ASHTABULA — The first case of COVID-19 in Ashtabula County has been confirmed, according to the Ohio Department of Health.

The positive test was announced in the ODH's Friday coronavirus update. It also was confirmed by the Ashtabula County Health Department. 

The case is located in the city of Ashtabula, according to the Ashtabula County Health Department and the Ashtabula City Health Department.

"As of this moment, this is the only confirmed case in Ashtabula County, however we expect this to rise," said Christine Hill, Ashtabula City Health Commissioner.

The Ashtabula City Health Department encouraged taking preventative measures to reduce the spread of coronavirus. Those steps include staying home if sick, avoiding contact with sick people, washing your hands frequently with soap and water, covering your mouth when you cough or sneeze and sanitizing surfaces that are touched often. 

"As we have stated, it is imperative our residents not only in the city, but our entire county do their best and abide by these orders and recommendations," said Ashtabula City Manager Jim Timonere. "We will continue to monitor this situation as we prepare for more like it and will keep our residents informed."

The ODH announced also confirmed the state's first death from coronavirus in Lucas County. There are 169 people who have tested positive for coronavirus in Ohio, as of Friday afternoon. The age range for those infected is 1 to 91 years old, with an average age of 49, according to ODH Director Dr. Amy Acton.

On Friday afternoon, Ohio Gov. Mike DeWine announced an order closing senior centers at the close of business on Monday. DeWine has previously ordered the closing of schools, dine-in restaurants, spas, tattoo parlors and movie theaters. Ohio's presidential primary was also delayed due to the coronavirus outbreak.

Lieutenant Gov.Jon Husted  urged Ohio residents to remain calm during the outbreak, and not panic.

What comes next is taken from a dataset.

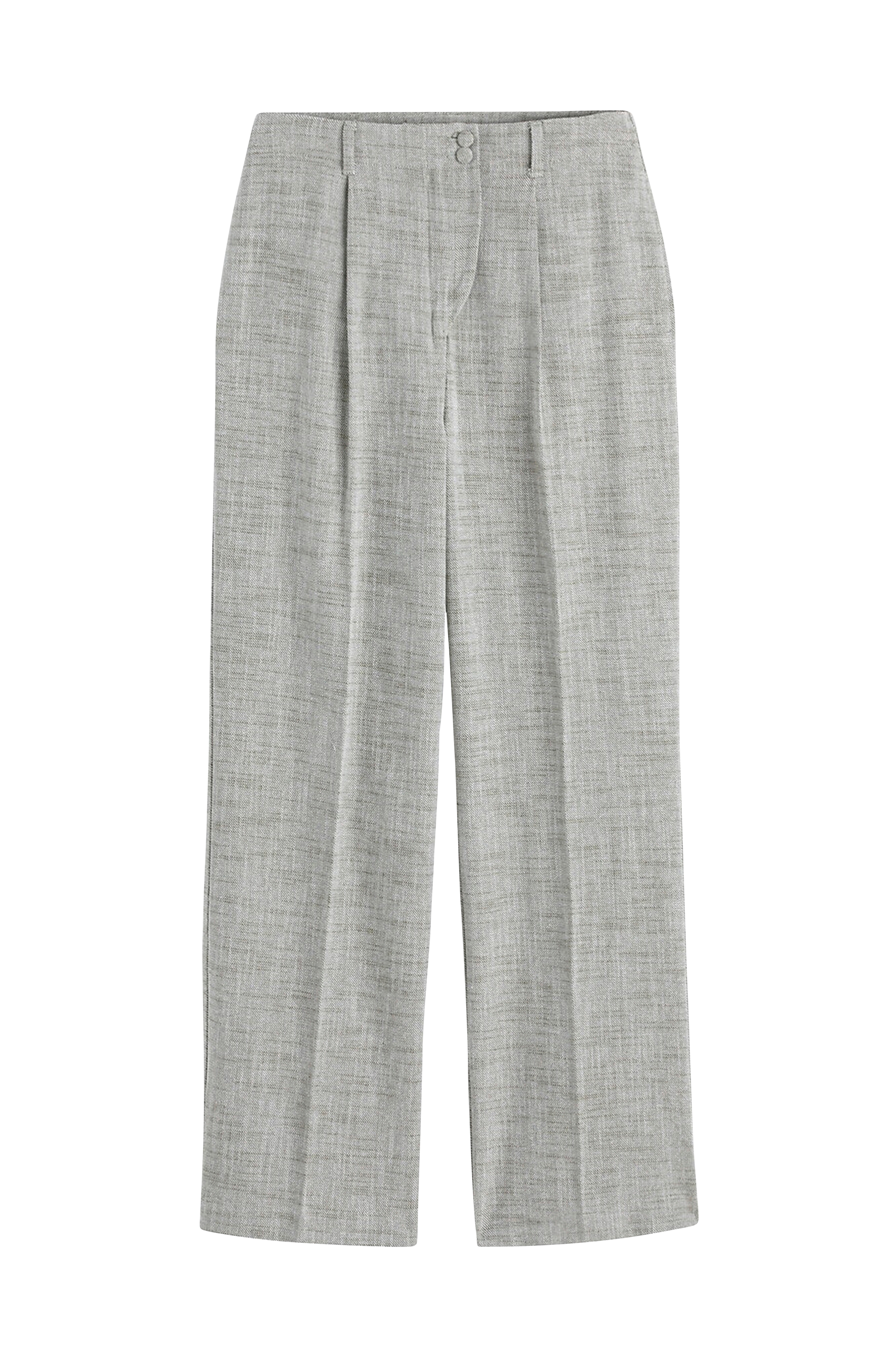 Elegante og behagelige bukser med læg og vide ben, i bomuldsmateriale med rustikt look. Linningen har en fin detalje med asymmetrisk lukning og betrukne knapper. Detaljer
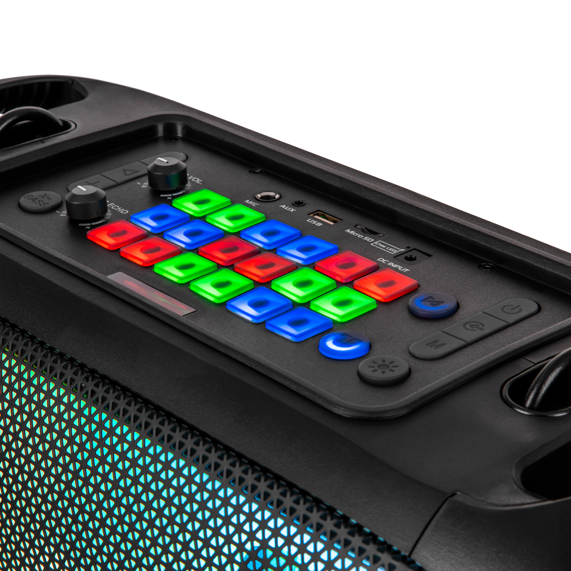 Zaskocz siłą i jakością dźwięku! Mocne basy w głośniku Music Box Party DJ zapewnia funkcja X-bass, która wzmocni niskie dźwięki i nada piosenkom pełniejszego, głębszego brzmienia.

"One of these grocery stores told me about literally a fight breaking out between customers over toilet paper," Husted said. "But I'll also tell you another story, the story of a courageous state employee. This person is vital to keeping the technology behind that unemployment system up and running. Over the course of the last week, they had a loved one in their family, a sibling, who was suffering from cancer, who was on their death bed, and they chose not to go visit them because they had to keep the system up and running for those tens of thousands, ultimately hundreds of thousands of people who need it.

"It was a selfless act. I want you to put those two back to back and think about it. Which side of this do you want to be on? ... How do you want to remember yourself as we went through this, because tough times reveal our character. They'll reveal us as being selfish or selfless, and that's also true of our society. Think about this in those terms. How do you want to think about yourself on the back side of this, when we got out? Do you want to remember yourself as somebody who contributed to the good of our world, to the good of our state, or do you want to be fighting in the grocery store over toilet paper? We're better than that. It's time to lift our sprits to the calling of our better angels, and I know that we're capable of doing that. So those of you who are, thank you. Inspire others."